• What you should do
Repeat, exactly as written, the line containing "Машина скорой помощи" and each line after it through the end of the data.

* * *

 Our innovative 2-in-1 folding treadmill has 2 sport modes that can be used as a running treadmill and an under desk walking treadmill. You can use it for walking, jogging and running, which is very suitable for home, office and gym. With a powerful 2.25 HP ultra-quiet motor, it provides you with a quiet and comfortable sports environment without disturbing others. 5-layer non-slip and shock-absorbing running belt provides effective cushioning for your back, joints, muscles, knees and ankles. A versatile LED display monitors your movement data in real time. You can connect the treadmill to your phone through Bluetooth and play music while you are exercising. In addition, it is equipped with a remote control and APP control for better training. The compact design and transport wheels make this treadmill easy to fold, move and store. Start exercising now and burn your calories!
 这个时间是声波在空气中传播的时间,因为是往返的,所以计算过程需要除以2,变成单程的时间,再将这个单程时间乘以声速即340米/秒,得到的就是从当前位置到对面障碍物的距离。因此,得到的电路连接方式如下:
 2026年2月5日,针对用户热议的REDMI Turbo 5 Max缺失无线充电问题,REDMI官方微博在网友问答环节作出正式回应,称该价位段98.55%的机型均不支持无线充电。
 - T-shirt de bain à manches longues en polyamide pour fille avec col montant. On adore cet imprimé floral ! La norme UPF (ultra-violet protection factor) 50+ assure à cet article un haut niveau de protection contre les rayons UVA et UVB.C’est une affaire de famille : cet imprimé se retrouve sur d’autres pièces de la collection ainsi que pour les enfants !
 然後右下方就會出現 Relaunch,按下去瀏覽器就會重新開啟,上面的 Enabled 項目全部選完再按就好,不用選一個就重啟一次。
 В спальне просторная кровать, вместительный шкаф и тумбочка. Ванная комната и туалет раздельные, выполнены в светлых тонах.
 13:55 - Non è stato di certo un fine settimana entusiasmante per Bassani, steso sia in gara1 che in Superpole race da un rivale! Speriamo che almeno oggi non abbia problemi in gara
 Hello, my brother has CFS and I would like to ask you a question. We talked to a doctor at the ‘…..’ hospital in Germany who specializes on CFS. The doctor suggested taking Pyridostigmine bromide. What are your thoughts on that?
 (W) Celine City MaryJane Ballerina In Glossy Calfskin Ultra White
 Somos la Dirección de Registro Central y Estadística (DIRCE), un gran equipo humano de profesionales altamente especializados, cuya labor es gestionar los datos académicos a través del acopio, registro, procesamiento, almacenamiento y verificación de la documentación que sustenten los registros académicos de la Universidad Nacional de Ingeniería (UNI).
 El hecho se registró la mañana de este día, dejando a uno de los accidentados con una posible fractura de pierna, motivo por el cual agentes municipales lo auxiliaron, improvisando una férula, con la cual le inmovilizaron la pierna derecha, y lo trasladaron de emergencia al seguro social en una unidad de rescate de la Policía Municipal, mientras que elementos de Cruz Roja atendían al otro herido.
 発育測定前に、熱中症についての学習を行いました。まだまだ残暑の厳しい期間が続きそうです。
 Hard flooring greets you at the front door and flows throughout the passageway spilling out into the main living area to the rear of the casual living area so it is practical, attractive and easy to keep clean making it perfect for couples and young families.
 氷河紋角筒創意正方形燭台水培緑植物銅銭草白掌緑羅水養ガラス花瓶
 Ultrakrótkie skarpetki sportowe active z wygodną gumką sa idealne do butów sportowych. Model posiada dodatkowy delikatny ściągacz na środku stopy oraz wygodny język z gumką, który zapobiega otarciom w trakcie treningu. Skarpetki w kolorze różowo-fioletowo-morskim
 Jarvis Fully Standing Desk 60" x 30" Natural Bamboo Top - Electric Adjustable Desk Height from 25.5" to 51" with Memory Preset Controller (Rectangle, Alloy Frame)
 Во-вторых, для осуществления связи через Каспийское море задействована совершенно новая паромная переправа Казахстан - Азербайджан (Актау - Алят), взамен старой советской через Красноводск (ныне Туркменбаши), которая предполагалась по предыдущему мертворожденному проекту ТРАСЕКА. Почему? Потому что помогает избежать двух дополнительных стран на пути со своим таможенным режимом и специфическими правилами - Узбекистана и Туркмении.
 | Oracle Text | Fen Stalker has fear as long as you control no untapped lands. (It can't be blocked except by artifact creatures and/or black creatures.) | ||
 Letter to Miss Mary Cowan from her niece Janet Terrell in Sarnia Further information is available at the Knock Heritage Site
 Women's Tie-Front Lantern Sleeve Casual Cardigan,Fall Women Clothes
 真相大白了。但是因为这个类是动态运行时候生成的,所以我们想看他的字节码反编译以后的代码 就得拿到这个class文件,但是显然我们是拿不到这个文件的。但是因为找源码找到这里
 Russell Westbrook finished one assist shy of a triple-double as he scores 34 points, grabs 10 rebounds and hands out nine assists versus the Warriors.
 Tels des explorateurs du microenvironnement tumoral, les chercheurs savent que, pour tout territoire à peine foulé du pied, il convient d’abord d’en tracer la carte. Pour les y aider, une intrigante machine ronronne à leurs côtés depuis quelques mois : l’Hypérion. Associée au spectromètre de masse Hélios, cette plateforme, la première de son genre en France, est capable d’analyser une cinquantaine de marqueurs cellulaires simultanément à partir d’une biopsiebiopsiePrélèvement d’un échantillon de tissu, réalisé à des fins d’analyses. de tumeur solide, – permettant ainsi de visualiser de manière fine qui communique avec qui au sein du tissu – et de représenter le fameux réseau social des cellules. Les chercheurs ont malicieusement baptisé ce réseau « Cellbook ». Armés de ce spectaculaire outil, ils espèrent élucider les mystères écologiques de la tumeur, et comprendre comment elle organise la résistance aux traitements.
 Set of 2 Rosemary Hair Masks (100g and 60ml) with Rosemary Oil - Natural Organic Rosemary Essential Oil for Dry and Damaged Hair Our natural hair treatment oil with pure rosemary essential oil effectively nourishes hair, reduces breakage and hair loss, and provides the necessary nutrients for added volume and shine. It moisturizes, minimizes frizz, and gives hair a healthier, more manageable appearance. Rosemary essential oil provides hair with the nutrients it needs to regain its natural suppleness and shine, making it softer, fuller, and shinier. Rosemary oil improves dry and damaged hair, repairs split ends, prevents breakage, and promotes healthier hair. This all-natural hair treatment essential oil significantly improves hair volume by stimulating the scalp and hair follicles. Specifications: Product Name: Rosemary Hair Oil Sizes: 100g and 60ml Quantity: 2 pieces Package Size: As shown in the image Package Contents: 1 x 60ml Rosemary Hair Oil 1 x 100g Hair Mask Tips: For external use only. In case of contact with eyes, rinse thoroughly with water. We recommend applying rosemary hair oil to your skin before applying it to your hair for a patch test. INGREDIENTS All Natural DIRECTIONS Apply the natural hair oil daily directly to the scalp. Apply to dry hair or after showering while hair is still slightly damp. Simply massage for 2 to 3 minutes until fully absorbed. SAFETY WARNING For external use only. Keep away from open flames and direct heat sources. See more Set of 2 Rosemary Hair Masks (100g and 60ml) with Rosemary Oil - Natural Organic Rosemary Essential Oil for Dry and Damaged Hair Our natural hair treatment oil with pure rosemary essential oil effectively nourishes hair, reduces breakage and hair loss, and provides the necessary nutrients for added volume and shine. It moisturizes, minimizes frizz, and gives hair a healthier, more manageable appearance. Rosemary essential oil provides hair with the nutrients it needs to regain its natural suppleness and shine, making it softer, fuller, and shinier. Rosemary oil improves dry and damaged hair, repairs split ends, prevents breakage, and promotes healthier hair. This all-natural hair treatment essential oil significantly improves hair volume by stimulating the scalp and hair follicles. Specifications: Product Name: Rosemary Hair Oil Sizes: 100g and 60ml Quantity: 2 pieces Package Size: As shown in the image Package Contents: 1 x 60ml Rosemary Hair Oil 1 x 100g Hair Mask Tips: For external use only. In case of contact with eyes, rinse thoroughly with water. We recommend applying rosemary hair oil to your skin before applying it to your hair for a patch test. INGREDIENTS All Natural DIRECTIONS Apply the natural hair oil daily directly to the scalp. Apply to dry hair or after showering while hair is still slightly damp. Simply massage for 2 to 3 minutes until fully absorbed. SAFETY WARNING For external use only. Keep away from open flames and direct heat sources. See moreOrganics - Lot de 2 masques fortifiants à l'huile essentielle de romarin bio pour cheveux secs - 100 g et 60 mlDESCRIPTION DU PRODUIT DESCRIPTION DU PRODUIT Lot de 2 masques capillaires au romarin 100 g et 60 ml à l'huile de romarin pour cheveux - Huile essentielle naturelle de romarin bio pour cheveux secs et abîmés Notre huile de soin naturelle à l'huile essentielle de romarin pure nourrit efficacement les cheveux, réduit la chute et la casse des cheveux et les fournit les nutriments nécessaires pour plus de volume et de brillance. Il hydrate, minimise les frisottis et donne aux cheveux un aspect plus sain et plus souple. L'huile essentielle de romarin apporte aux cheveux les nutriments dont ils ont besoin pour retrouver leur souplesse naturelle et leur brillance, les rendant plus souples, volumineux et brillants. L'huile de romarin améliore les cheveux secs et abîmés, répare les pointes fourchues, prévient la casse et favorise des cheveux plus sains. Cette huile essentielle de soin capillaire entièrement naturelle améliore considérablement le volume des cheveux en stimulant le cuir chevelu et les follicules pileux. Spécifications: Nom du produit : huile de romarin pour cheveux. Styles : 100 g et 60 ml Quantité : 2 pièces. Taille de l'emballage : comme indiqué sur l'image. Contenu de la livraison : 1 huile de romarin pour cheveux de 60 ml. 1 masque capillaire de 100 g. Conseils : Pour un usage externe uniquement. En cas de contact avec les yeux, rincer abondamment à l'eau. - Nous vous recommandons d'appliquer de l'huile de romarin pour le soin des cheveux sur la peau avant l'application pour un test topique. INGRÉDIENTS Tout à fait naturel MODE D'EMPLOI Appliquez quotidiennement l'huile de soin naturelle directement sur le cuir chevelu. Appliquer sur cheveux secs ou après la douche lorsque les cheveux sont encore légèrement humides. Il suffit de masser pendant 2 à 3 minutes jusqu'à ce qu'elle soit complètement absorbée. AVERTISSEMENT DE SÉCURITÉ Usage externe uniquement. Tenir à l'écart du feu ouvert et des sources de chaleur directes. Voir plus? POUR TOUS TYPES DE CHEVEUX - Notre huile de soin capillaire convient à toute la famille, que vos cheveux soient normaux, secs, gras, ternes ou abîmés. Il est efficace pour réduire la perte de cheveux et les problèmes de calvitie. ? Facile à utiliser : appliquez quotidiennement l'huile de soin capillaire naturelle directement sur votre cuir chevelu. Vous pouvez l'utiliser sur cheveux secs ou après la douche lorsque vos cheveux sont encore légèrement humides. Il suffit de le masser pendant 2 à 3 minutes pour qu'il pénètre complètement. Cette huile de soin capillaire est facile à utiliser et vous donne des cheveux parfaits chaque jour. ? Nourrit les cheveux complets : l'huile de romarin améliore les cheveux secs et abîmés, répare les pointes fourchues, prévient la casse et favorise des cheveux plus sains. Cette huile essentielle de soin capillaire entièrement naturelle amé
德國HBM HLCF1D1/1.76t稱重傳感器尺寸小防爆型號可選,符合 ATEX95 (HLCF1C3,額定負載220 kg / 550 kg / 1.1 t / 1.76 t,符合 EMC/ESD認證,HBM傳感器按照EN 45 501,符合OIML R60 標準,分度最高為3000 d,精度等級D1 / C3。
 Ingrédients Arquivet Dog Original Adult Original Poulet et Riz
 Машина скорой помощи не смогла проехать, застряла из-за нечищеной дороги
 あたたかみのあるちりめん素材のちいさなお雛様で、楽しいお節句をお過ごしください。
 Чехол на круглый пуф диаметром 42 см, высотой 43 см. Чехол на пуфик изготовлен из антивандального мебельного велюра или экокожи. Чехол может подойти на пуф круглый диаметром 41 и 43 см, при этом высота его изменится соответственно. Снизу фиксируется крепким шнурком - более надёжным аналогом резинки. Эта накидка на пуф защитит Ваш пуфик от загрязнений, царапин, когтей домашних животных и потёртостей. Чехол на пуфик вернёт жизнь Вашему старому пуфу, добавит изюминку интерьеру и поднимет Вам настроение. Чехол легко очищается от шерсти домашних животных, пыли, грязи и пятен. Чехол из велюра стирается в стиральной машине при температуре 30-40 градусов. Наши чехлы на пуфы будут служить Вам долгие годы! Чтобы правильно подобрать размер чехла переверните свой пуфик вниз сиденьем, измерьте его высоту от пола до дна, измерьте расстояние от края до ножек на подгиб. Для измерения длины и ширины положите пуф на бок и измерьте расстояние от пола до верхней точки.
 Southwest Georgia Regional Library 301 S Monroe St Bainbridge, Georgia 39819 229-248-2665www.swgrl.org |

* * *

• Task output
 Машина скорой помощи не смогла проехать, застряла из-за нечищеной дороги
 あたたかみのあるちりめん素材のちいさなお雛様で、楽しいお節句をお過ごしください。
 Чехол на круглый пуф диаметром 42 см, высотой 43 см. Чехол на пуфик изготовлен из антивандального мебельного велюра или экокожи. Чехол может подойти на пуф круглый диаметром 41 и 43 см, при этом высота его изменится соответственно. Снизу фиксируется крепким шнурком - более надёжным аналогом резинки. Эта накидка на пуф защитит Ваш пуфик от загрязнений, царапин, когтей домашних животных и потёртостей. Чехол на пуфик вернёт жизнь Вашему старому пуфу, добавит изюминку интерьеру и поднимет Вам настроение. Чехол легко очищается от шерсти домашних животных, пыли, грязи и пятен. Чехол из велюра стирается в стиральной машине при температуре 30-40 градусов. Наши чехлы на пуфы будут служить Вам долгие годы! Чтобы правильно подобрать размер чехла переверните свой пуфик вниз сиденьем, измерьте его высоту от пола до дна, измерьте расстояние от края до ножек на подгиб. Для измерения длины и ширины положите пуф на бок и измерьте расстояние от пола до верхней точки.
 Southwest Georgia Regional Library 301 S Monroe St Bainbridge, Georgia 39819 229-248-2665www.swgrl.org |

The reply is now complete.